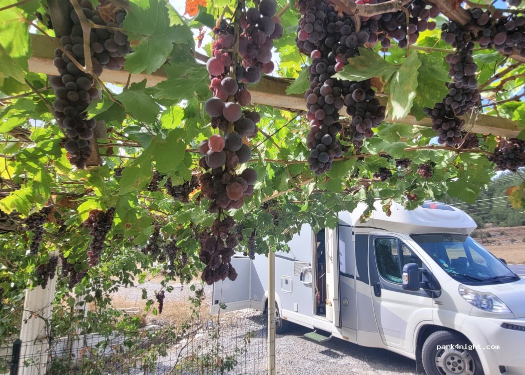 Großer Parkplatz mit angrenzender Quelle. Überdachte Terrasse mit Weinreben. Die Wasserversorgung ist im Winter abgestellt.
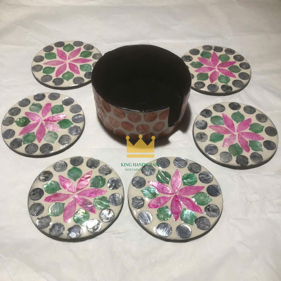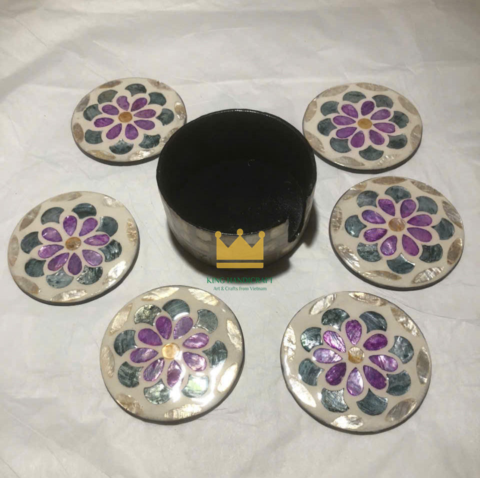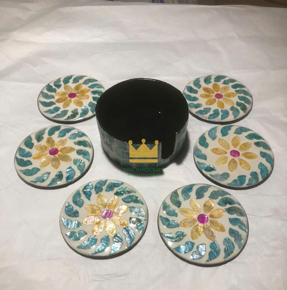 Vajilla Esteras y almohadillas Posavasos de nácar con soporte Portavasos con incrustaciones de conchas marinas Hecho en Vietnam
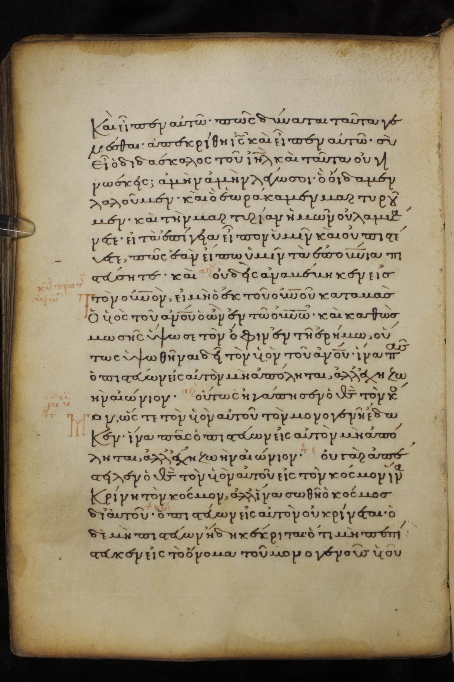 Thirteenth century minuscule of the Gospels on parchment; 237 leaves, 1 column, 23 lines per column. Images were taken at the National Library of Greece in Athens.
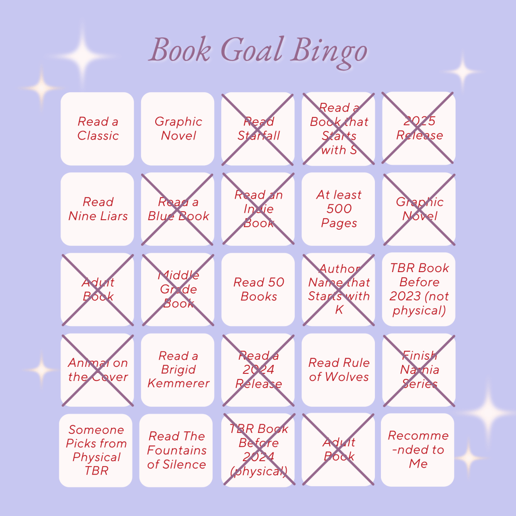 Other than my book goal bingo, I also had 15 books to read in 2025. Out of those 15 I have read:
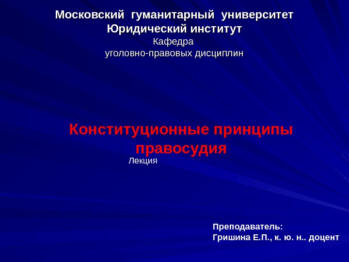 Московский гуманитарный университет Юридический институт Кафедра уголовно-правовых дисциплин

WHAT IS REQUIRED> Restate all of the material word for word. Keep out every picture.

SOLUTION TO THIS TASK>
 Großer Parkplatz mit angrenzender Quelle. Überdachte Terrasse mit Weinreben. Die Wasserversorgung ist im Winter abgestellt.
 Vajilla Esteras y almohadillas Posavasos de nácar con soporte Portavasos con incrustaciones de conchas marinas Hecho en Vietnam
 Thirteenth century minuscule of the Gospels on parchment; 237 leaves, 1 column, 23 lines per column. Images were taken at the National Library of Greece in Athens.
 Other than my book goal bingo, I also had 15 books to read in 2025. Out of those 15 I have read:
 Московский гуманитарный университет Юридический институт Кафедра уголовно-правовых дисциплин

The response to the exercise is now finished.